— The task —
Set down, word for word, every line of the material below from the one containing "零件的材料为HT200,灰铸" through the one containing "Befüllen Ihrer Mülltonnen.", but none of its pictures.

— Extracted material —
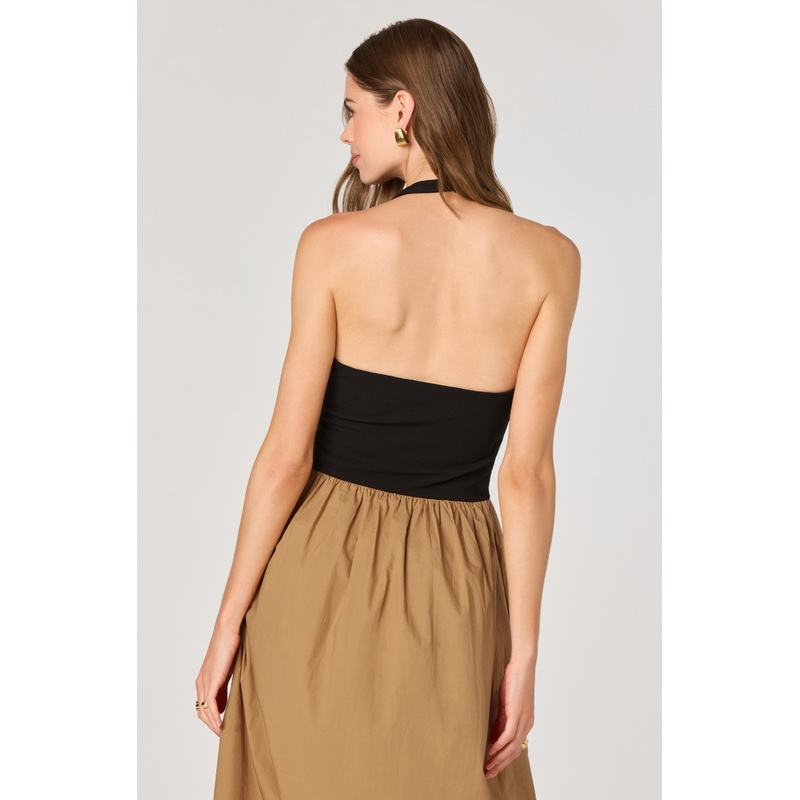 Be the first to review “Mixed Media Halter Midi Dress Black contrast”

---

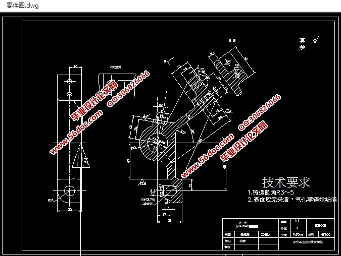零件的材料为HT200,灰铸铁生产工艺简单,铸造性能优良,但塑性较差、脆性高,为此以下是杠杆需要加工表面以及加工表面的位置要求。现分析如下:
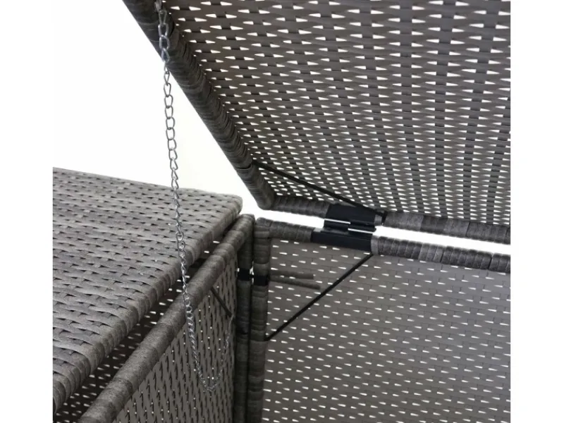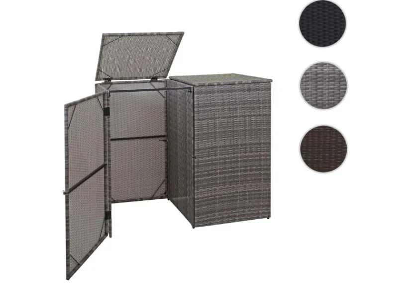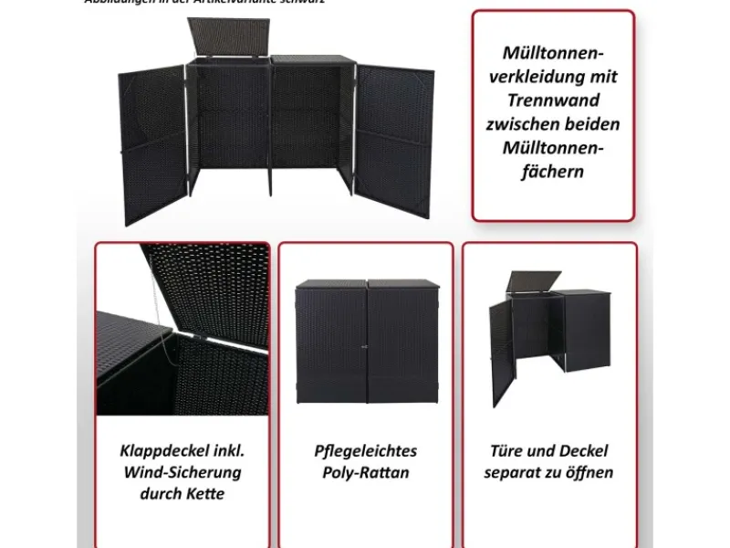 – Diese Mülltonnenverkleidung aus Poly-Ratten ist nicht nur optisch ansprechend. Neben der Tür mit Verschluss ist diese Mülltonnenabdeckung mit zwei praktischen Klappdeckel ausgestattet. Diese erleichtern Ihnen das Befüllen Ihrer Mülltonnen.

...

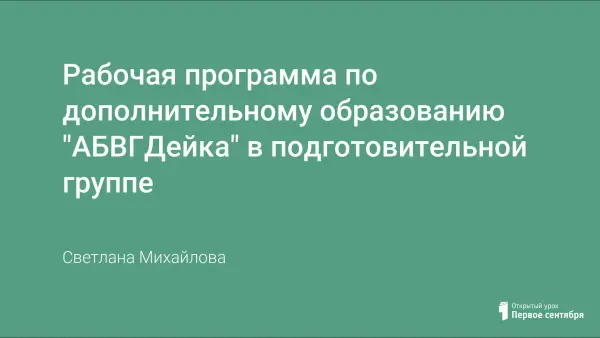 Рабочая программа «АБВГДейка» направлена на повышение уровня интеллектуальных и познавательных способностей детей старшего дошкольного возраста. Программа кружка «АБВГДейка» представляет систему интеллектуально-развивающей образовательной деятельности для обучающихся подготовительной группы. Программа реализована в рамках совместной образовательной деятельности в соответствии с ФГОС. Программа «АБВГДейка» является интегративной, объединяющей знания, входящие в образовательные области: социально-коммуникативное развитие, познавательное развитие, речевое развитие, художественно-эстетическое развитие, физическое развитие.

— Task answer —
零件的材料为HT200,灰铸铁生产工艺简单,铸造性能优良,但塑性较差、脆性高,为此以下是杠杆需要加工表面以及加工表面的位置要求。现分析如下:
 – Diese Mülltonnenverkleidung aus Poly-Ratten ist nicht nur optisch ansprechend. Neben der Tür mit Verschluss ist diese Mülltonnenabdeckung mit zwei praktischen Klappdeckel ausgestattet. Diese erleichtern Ihnen das Befüllen Ihrer Mülltonnen.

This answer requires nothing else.